John by tracking snowfall and correlating hiker reports on mosquitoes takes it to a whole new level. American volunteerism at its best. De Tocqueville would be proud. Thanks.?
On Thu, Mar 3, 2022 at 9:22 AM John Ladd <
johnladd@...> wrote:
We are analyzing that right now from the survey. It looks like reported mosquito severity is much lower with trailhead entries starting about July 15 in the low snowpack years.
Later, of course, in the high snowpack years. Also start later in high snowpack years.
For the gradually growing reports of year-to-year problem correlations see this FB album or Drive folder. We will add entry-date seasonal comparisons soon to the same album and drive folder
Also found in this shared Google Drive album
Go to
Open folder #6
Open folder Multi-year reports
I've had a lot of volunteers from one of the FB groups to take on survey-related or drive-maintenance tasks.

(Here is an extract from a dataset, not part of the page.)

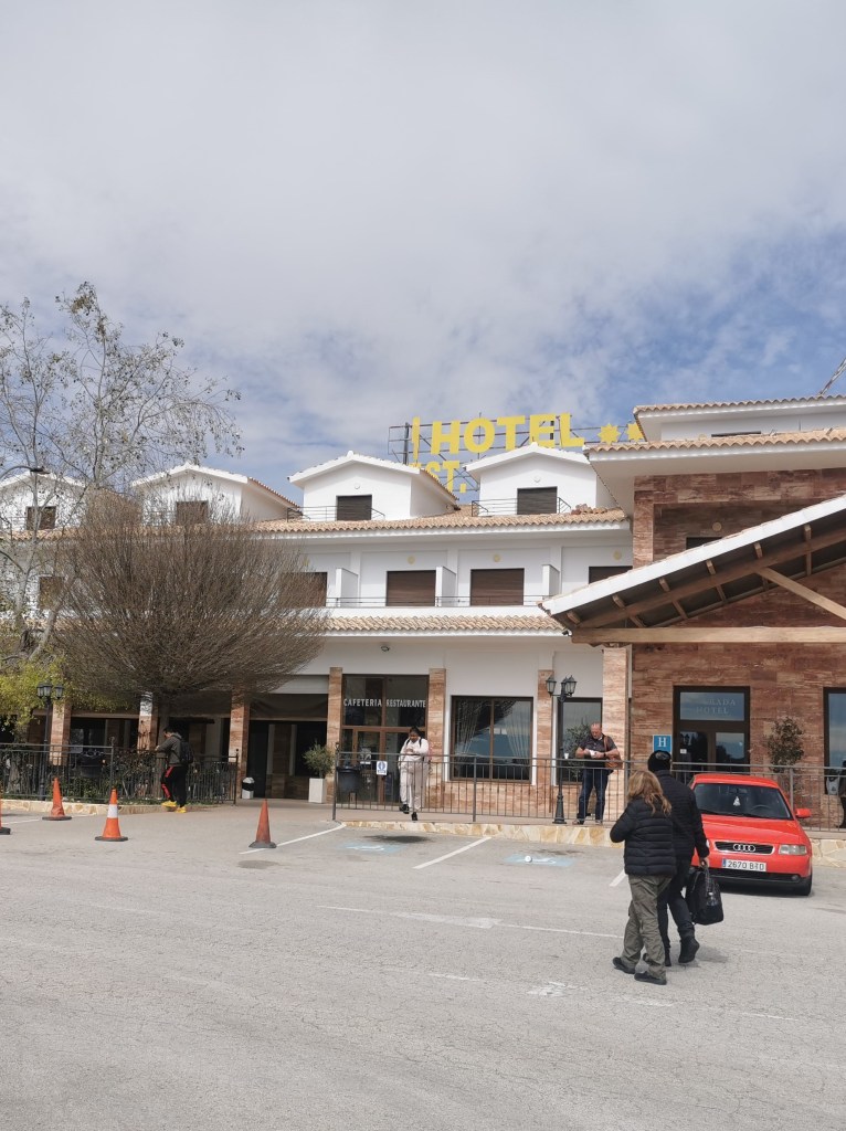 The journey itself was fine. After a short stop at Granada we travelled through an unpopulated landscape, looking at the snow on the distant Sierra Nevada and Sierra de Segura mountains. We passed close to Guadix and we could see some of the cave dwellings which the area is known for. There was time for a beer at a refreshment stop at the roadside Hotel Casa Lorenzo, one of a series of rest areas in the middle of nowhere (pictured above). By Lorca the countryside becomes more built up with a series of small towns and, in between them, detached houses in their own market gardens. Finally, we arrived in Murcia on time.

I was surprised and pleased to get a number of people who have taken on specialized tasks that I don't know how to do and people willing to do relatively boring stuff that relieves my load so I can focus on the survey
What I still need is
Someone with experience in drawing non-linear trend lines in scattergraphs that conform to the data rather than to any particular standard math pattern (e.g., I don't know that any of my findings are exponential). The effects of pack weight on daily mileage are very non-linear and age-related problems are presumably also non-linear with problems decreasing up to at least age 55 or 60 and perhaps increasing after that (age 70 in my personal experience)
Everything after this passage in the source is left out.